Cinquante ans, sept traités et vingt-sept Etats plus tard, les institutions européennes (le
Parlement européen, le Conseil des Ministres et la Commission européenne) font naître
régulièrement un grand nombre de règles juridiques regroupées par les spécialistes
sous le vocable de « droit communautaire » (ou européen). On parle alors de droit
dérivé par opposition au droit primitif contenu dans les traités.
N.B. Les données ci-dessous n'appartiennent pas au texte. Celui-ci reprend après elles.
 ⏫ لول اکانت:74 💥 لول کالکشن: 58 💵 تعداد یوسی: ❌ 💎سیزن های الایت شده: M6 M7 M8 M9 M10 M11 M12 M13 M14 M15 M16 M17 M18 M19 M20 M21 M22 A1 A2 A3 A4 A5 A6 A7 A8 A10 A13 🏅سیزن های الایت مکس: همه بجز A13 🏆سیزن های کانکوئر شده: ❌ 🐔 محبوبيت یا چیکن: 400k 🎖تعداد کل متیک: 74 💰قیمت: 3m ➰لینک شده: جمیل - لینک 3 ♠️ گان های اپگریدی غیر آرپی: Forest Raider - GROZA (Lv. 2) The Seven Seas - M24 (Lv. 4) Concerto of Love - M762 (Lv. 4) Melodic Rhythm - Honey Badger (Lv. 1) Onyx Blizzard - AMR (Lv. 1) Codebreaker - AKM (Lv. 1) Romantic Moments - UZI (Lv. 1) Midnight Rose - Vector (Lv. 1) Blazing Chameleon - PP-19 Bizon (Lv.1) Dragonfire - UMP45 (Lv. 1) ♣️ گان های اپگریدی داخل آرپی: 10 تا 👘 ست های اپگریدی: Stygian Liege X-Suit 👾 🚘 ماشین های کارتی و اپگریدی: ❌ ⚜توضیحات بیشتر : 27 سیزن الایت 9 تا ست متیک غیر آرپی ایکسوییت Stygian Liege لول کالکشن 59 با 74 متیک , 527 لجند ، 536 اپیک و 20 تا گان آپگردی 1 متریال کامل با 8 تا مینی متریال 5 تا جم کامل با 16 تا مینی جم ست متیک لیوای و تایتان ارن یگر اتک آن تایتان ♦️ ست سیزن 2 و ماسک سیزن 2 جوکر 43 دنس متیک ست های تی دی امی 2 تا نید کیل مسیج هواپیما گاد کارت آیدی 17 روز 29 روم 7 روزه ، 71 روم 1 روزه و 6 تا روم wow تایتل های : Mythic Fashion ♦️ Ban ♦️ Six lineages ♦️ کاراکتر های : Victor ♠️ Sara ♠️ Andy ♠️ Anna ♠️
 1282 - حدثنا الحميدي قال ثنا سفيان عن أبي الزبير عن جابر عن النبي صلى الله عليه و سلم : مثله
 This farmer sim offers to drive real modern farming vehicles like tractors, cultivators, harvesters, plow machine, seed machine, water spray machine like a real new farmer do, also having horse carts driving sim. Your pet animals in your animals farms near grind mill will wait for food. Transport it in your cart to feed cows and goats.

Les règles juridiques les plus
connues sont les fameuses directives
européennes qui permettent de fixer,
au niveau européen, des résultats à
atteindre tout en laissant aux instances
nationales les moyens et méthodes
pour y parvenir(1). Elles sont assorties
d’une date limite de transposition à
laquelle les Etats membres doivent
permettre leur entrée en vigueur sous
peine de fortes sanctions pécuniaires.
La France, ayant aujourd’hui
transposée 98,8% des directives
existantes(2), souhaite encore améliorer
son taux de transposition à la veille
de sa présidence européenne prévue
pour le second semestre de 2008.
Parallèlement, la Cour de Justice des
Communautés Européennes statue
sur la conformité aux engagements
européens des décisions nationales,
créant de fait une importante
jurisprudence qui contraint alors les
Etats membres et leurs institutions.
Bien qu’ignorée des compétences
propres de l’Union européenne,
la fonction publique est largement
impactée par les décisions bruxelloises.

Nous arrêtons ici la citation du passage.